Steps to prepare the income statement using absorption costing:
1. Calculate the predetermined overhead rate by dividing the total fixed manufacturing overhead costs by the total number of units (production capacity).
Predetermined overhead rate = Total fixed manufacturing overhead costs / Production capacity
2. Calculate the fixed manufacturing overhead cost per unit by multiplying the predetermined overhead rate by the number of units produced.
Fixed manufacturing overhead cost per unit = Predetermined overhead rate * (Number of units produced + Beginning inventory - Ending inventory)
3. Calculate the total cost per unit by summing the variable manufacturing cost per unit and the fixed manufacturing overhead cost per unit.
Total cost per unit = Variable manufacturing cost per unit + Fixed manufacturing overhead cost per unit
4. Calculate the total cost of goods sold by multiplying the total cost per unit by the number of units sold.
Total cost of goods sold = Total cost per unit * Number of units sold
5. Calculate the gross profit by subtracting the total cost of goods sold from the total sales.
Gross profit = Total sales - Total cost of goods sold
6. Calculate the operating (net) income by subtracting the fixed selling & administrative expenses from the gross profit.
Operating (net) income = Gross profit - Fixed selling & administrative expenses

Now, let's calculate the required values:

1. Prepare income statements under variable (contribution margin) and traditional (absorption) costing for the year ended December 31, 2009, using the steps explained above.
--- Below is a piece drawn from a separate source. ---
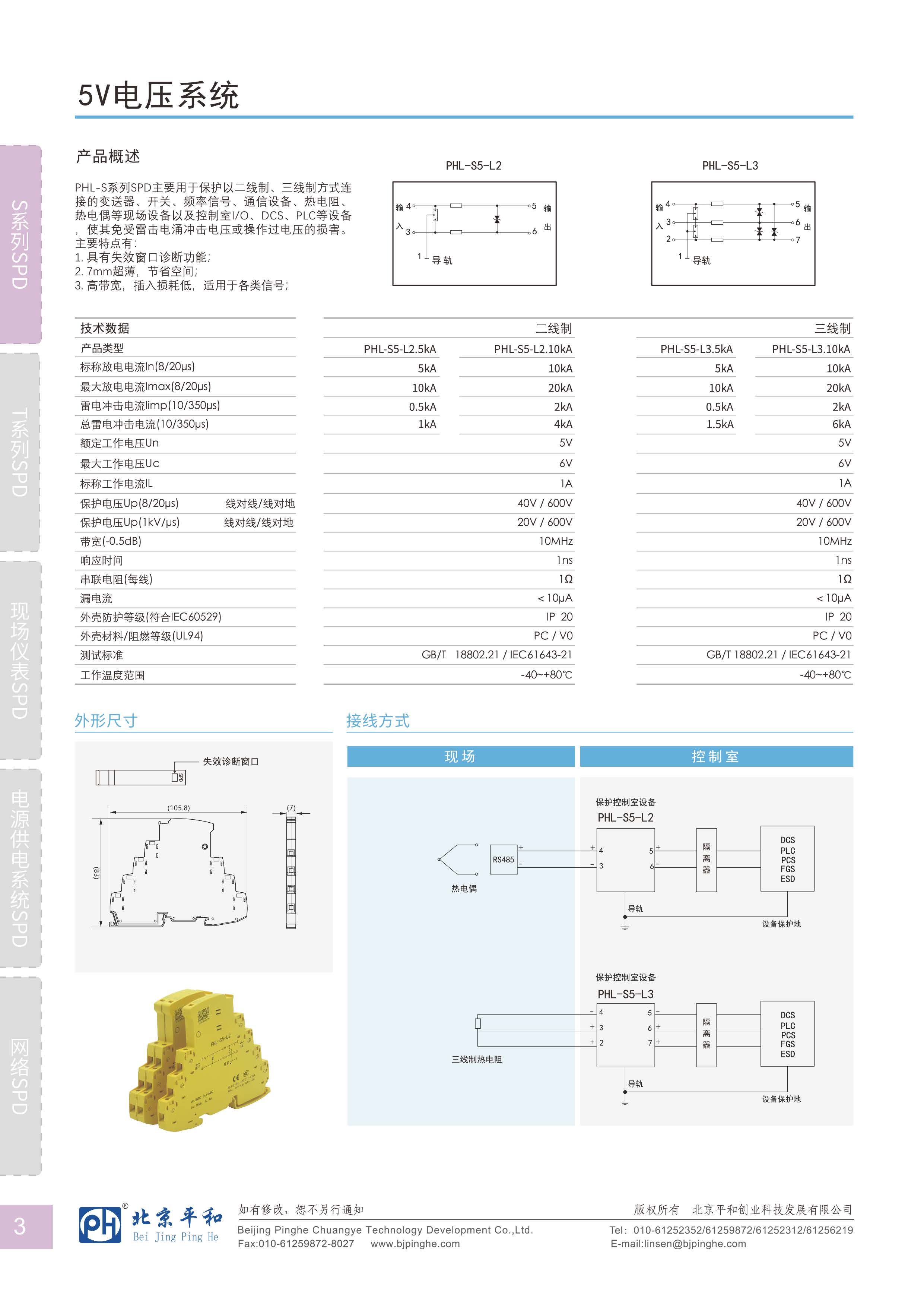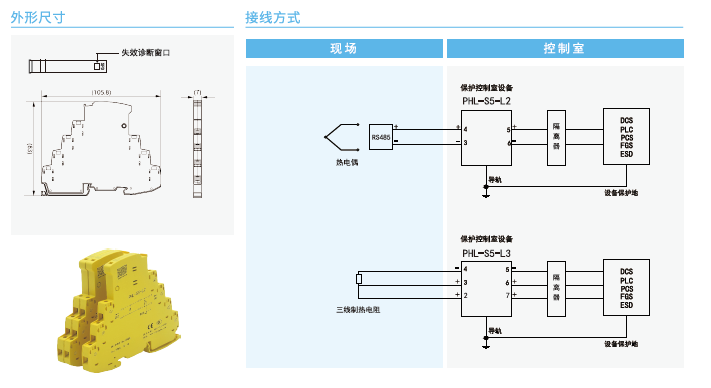 PHL-S系列SPD主要用于保護(hù)以二線制、三線制方式連接的變送茶、開關(guān),題率信號、通信設(shè)備、熱電阻、熱電偶等現(xiàn)場設(shè)備以及控制室IO.DCs、PLC等設(shè)備使其免受雷擊電涌沖擊電壓或操作過電壓的損害。主要特點有:

Variable (Contribution Margin) Costing Income Statement:

Sales revenue $ (Total sales * Selling price per unit)
- Variable cost of goods sold $ (Total variable cost of goods sold)
= Contribution margin $ (Contribution margin = Sales - Variable cost of goods sold)
- Fixed selling & administrative expenses $ (Fixed selling & administrative expenses)
= Operating (net) income $ (Operating (net) income = Contribution margin - Fixed selling & administrative expenses)
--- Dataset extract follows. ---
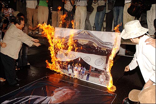 アジア平和と歴史教育連帯・ヤンミガン運営委員長は「周辺国の反対にも小泉が神社参拜を強行したことは、侵略に対して全然反省しないことを意味する」と、「私たちの願うことは反日ではなく平和であり、果して北東アジアの平和のために何をしなければならないのか冷情に察しなければならない」と言った。
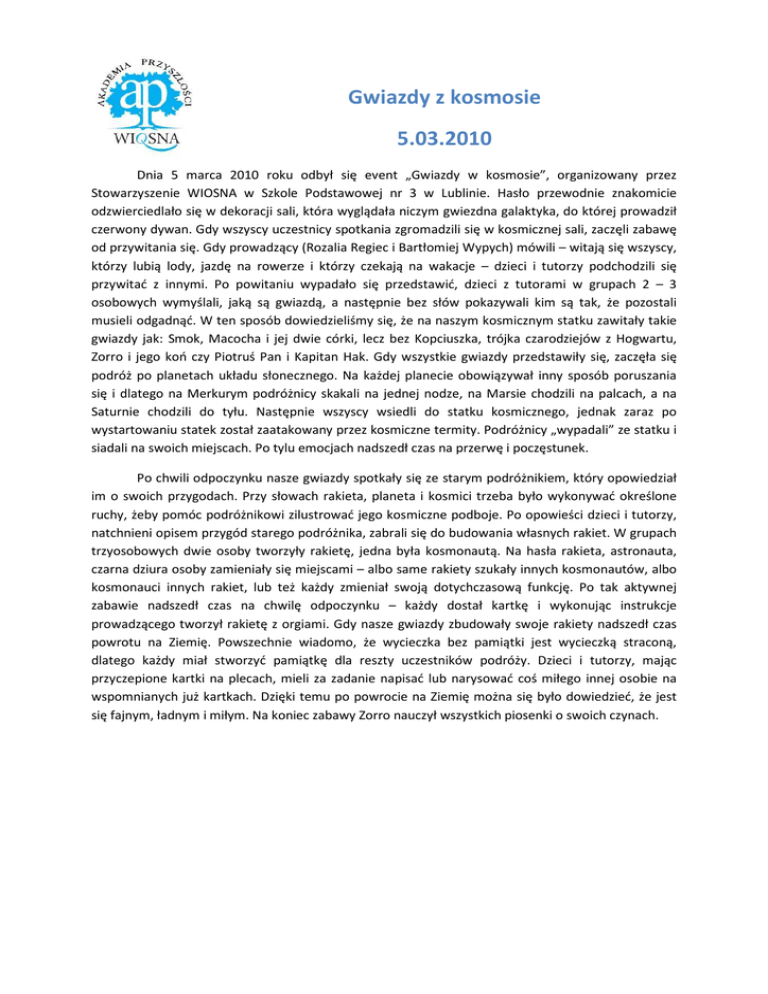 Gwiazdy z kosmosie 5.03.2010 Dnia 5 marca 2010 roku odbył się event „Gwiazdy w kosmosie”, organizowany przez Stowarzyszenie WIOSNA w Szkole Podstawowej nr 3 w Lublinie. Hasło przewodnie znakomicie odzwierciedlało się w dekoracji sali, która wyglądała niczym gwiezdna galaktyka, do której prowadził czerwony dywan. Gdy wszyscy uczestnicy spotkania zgromadzili się w kosmicznej sali, zaczęli zabawę od przywitania się. Gdy prowadzący (Rozalia Regiec i Bartłomiej Wypych) mówili – witają się wszyscy, którzy lubią lody, jazdę na rowerze i którzy czekają na wakacje – dzieci i tutorzy podchodzili się przywitać z innymi. Po powitaniu wypadało się przedstawić, dzieci z tutorami w grupach 2 – 3 osobowych wymyślali, jaką są gwiazdą, a następnie bez słów pokazywali kim są tak, że pozostali musieli odgadnąć. W ten sposób dowiedzieliśmy się, że na naszym kosmicznym statku zawitały takie gwiazdy jak: Smok, Macocha i jej dwie córki, lecz bez Kopciuszka, trójka czarodziejów z Hogwartu, Zorro i jego koń czy Piotruś Pan i Kapitan Hak. Gdy wszystkie gwiazdy przedstawiły się, zaczęła się podróż po planetach układu słonecznego. Na każdej planecie obowiązywał inny sposób poruszania się i dlatego na Merkurym podróżnicy skakali na jednej nodze, na Marsie chodzili na palcach, a na Saturnie chodzili do tyłu. Następnie wszyscy wsiedli do statku kosmicznego, jednak zaraz po wystartowaniu statek został zaatakowany przez kosmiczne termity. Podróżnicy „wypadali” ze statku i siadali na swoich miejscach. Po tylu emocjach nadszedł czas na przerwę i poczęstunek. Po chwili odpoczynku nasze gwiazdy spotkały się ze starym podróżnikiem, który opowiedział im o swoich przygodach. Przy słowach rakieta, planeta i kosmici trzeba było wykonywać określone ruchy, żeby pomóc podróżnikowi zilustrować jego kosmiczne podboje. Po opowieści dzieci i tutorzy, natchnieni opisem przygód starego podróżnika, zabrali się do budowania własnych rakiet. W grupach trzyosobowych dwie osoby tworzyły rakietę, jedna była kosmonautą. Na hasła rakieta, astronauta, czarna dziura osoby zamieniały się miejscami – albo same rakiety szukały innych kosmonautów, albo kosmonauci innych rakiet, lub też każdy zmieniał swoją dotychczasową funkcję. Po tak aktywnej zabawie nadszedł czas na chwilę odpoczynku – każdy dostał kartkę i wykonując instrukcje prowadzącego tworzył rakietę z orgiami. Gdy nasze gwiazdy zbudowały swoje rakiety nadszedł czas powrotu na Ziemię. Powszechnie wiadomo, że wycieczka bez pamiątki jest wycieczką straconą, dlatego każdy miał stworzyć pamiątkę dla reszty uczestników podróży. Dzieci i tutorzy, mając przyczepione kartki na plecach, mieli za zadanie napisać lub narysować coś miłego innej osobie na wspomnianych już kartkach. Dzięki temu po powrocie na Ziemię można się było dowiedzieć, że jest się fajnym, ładnym i miłym. Na koniec zabawy Zorro nauczył wszystkich piosenki o swoich czynach.

Traditional (Absorption) Costing Income Statement:

Sales revenue $ (Total sales * Selling price per unit)
- Cost of goods sold $ (Total cost of goods sold)
= Gross profit $ (Gross profit = Sales - Cost of goods sold)
- Fixed selling & administrative expenses $ (Fixed selling & administrative expenses)
= Operating (net) income $ (Operating (net) income = Gross profit - Fixed selling & administrative expenses)
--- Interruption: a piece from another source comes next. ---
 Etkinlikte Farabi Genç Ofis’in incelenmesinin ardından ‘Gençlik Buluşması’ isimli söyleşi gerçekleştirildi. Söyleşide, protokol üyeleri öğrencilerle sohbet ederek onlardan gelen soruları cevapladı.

2. To calculate E's contribution margin ratio, gross profit ratio, and operating (net) income ratios, you will need the following formulas:

Contribution margin ratio = (Contribution margin / Sales) * 100

Gross profit ratio = (Gross profit / Sales) * 100

Operating (net) income ratio = (Operating (net) income / Sales) * 100

Plug in the values from the respective income statements for each ratio to calculate them.